[Work to complete]
Please output only the lines running from the one that contains "回复第9楼主要就是审批流程,待审批的文章,只想让对应机构的 审批人 看到待审批的文章" through the last line of the data below, exactly as they stand, with no pictures.

[Data below]
*** Begin section ***
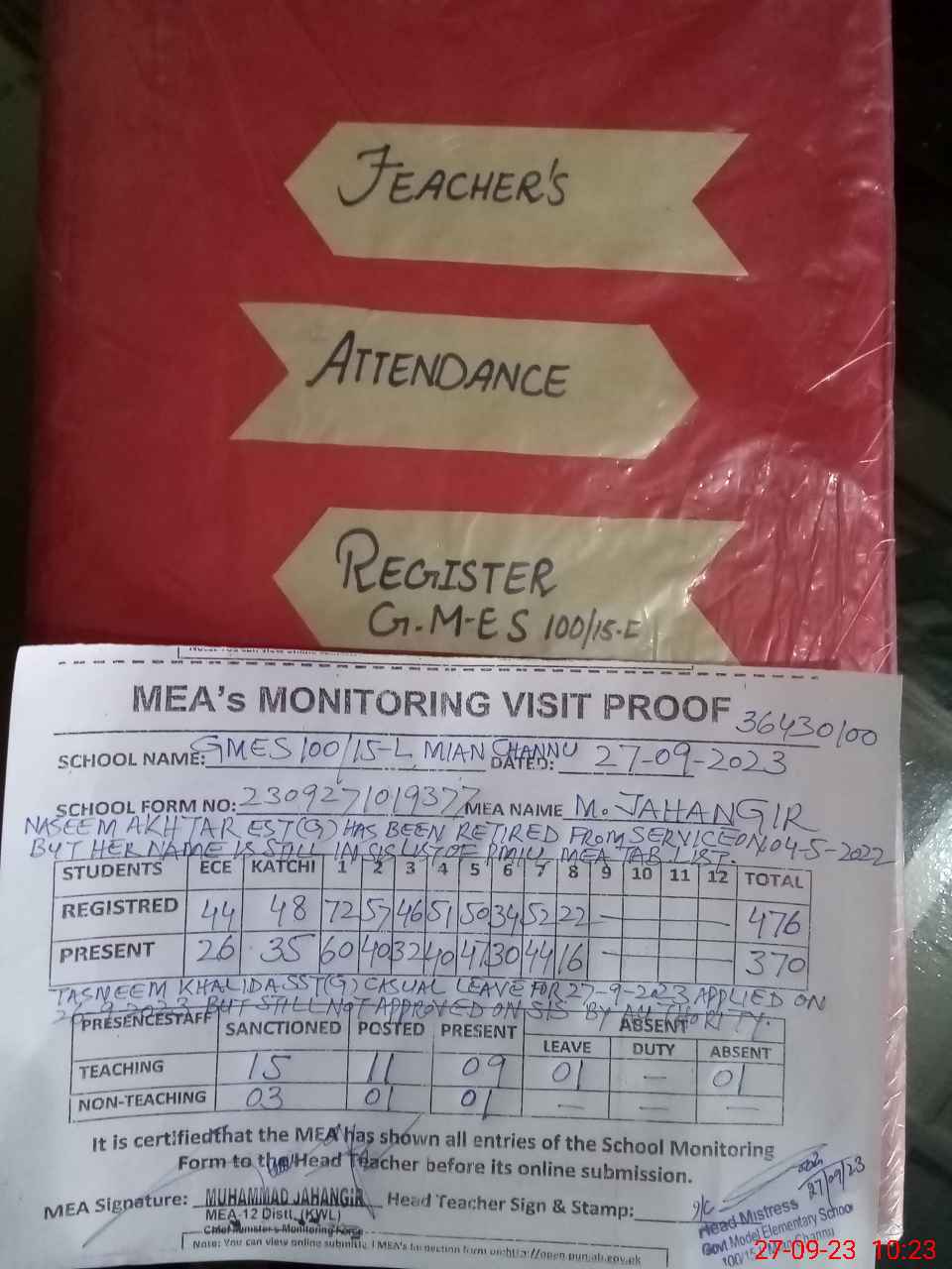 | Attendance Register | Head Teacher | MEA with School | Visit Proof |
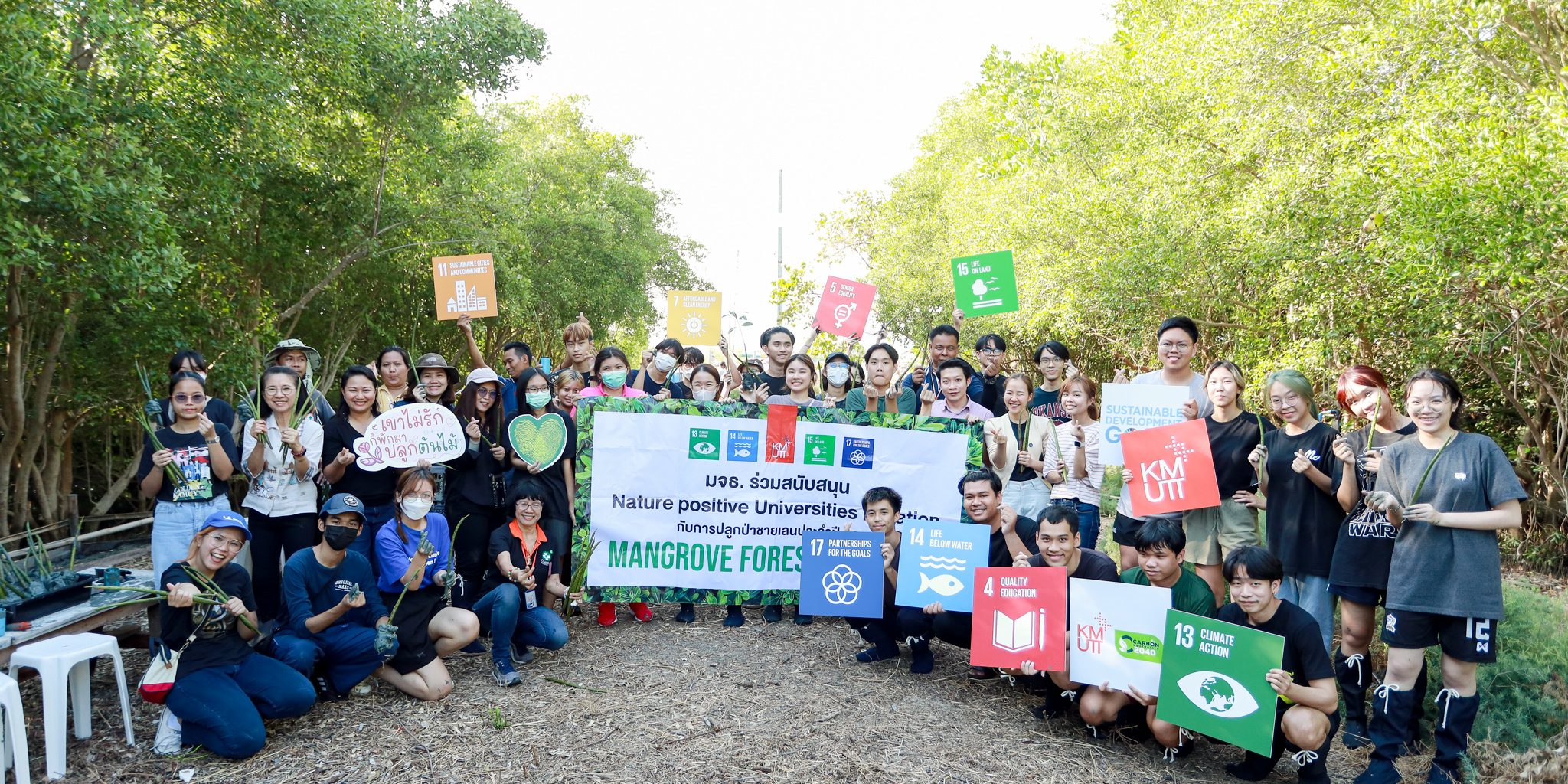 Forest Love Planting เนื่องในวันป่าไม้และวันน้ำโลก 2023 เมื่อวันที่ 22 มีนาคม 2566 ศูนย์การจัดการด้านพลังงาน สิ่งแวดล้อม ความปลอดภัยและอาชีวอนามัย (ศูนย์ EESH) ร่วมกับ สำนักงานบริหารทรัพยากรกายภาพ มจธ.บางขุนเทียน จัดกิจกรรม Forest Love Planting เนื่องในวันป่าไม้และวันน้ำโลก 2023 โดยมี รศ.ดร.สุวิทย์ แซ่เตีย อธิการบดี พร้อมด้วยคณะผู้บริหาร นักศึกษา บุคลากร และประชาคม มจธ. ร่วมกันปลูกต้นไม้ เพาะต้นกล้าโกงกาง และปลูกป่าชายเลนจำนวน 730 ต้น ณ พื้นที่ใหม่ มหาวิทยาลัยเทคโนโลยีพระจอมเกล้าธนบุรี ตำบลพันท้ายนรสิงห์ อำเภอเมือง จังหวัดสมุทรสาคร กิจกรรมดังกล่าวจัดขึ้นเพื่ออนุรักษ์และฟื้นฟูทรัพยากรของชาติให้กลับคืนสู่ความสมบูรณ์ และเกิดความสมดุลของระบบนิเวศ อีกทั้งยังช่วยลดผลกระทบจากการสร้างก๊าซเรือนกระจกที่เกิดขึ้น พร้อมกันนี้การดำเนินกิจกรรมดังกล่าวยังตอบสนองนโยบายตามเป้าหมายการพัฒนาอย่างยั่งยืนที่มุ่งเน้นและผลักดันโครงการการปล่อยคาร์บอนสุทธิเป็นศูนย์อย่างเป็นรูปธรรมเพื่อเป็นส่วนหนึ่งในการคืนกำไรสู่สังคมและโลกของเรา กิจกรรมนี้ส่งเสริมเป้าหมายการพัฒนาอย่างยั่งยืน เป้าหมายที่ 11 เมืองและถิ่นฐานมนุษย์อย่างยั่งยืน เป้าหมายที่ 13 สร้างความตระหนักรู้ถึงความสำคัญของทรัพยากรที่มีอยู่อย่างจำกัด รวมไปถึงการเตรียมพร้อมเพื่อรับมือกับการเปลี่ยนแปลงทางสภาพภูมิอากาศและผลกระทบจากภาวะโลกร้อน เป้าหมายที่ 14 อนุรักษ์ทรัพยากรน้ำและทางทะเล และเป้าหมายที่ 15 : ปกป้อง ฟื้นฟู และส่งเสริมการใช้ระบบนิเวศบนบกและน้ำอย่างยั่งยืน
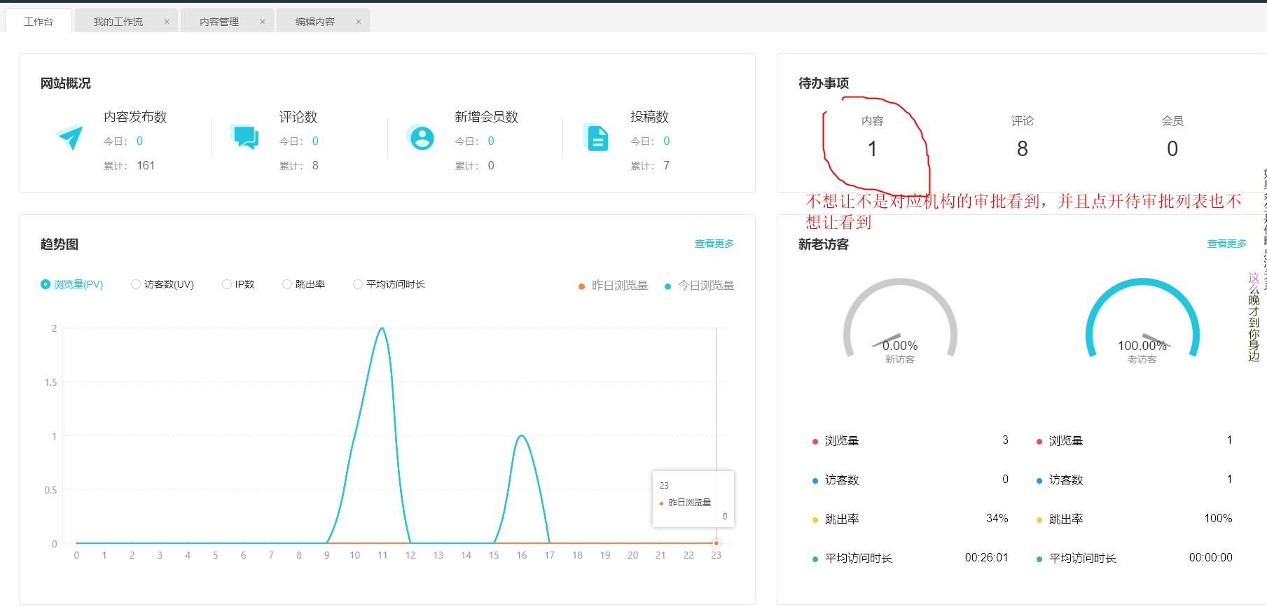 回复第9楼主要就是审批流程,待审批的文章,只想让对应机构的 审批人 看到待审批的文章 不属于和创建人一样对应机构,首页的待办,待审批不想让他看到,咱这个实现不了么?
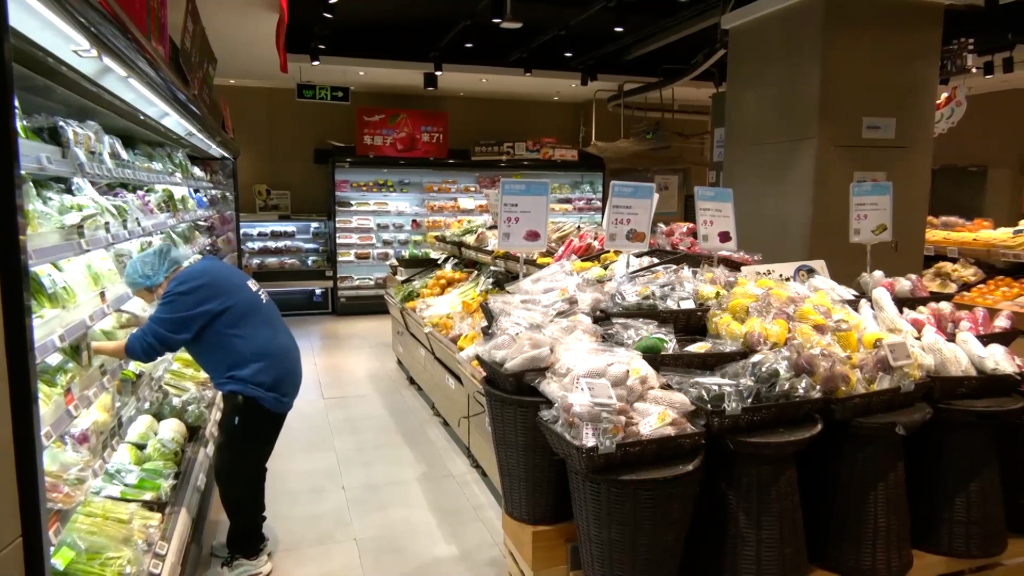在北京某超市货架上,米面粮油、肉禽蛋奶、蔬菜水果等生活必需品物资充盈。受访者供图。
*** End section ***
[Exercise solution]
 回复第9楼主要就是审批流程,待审批的文章,只想让对应机构的 审批人 看到待审批的文章 不属于和创建人一样对应机构,首页的待办,待审批不想让他看到,咱这个实现不了么?
在北京某超市货架上,米面粮油、肉禽蛋奶、蔬菜水果等生活必需品物资充盈。受访者供图。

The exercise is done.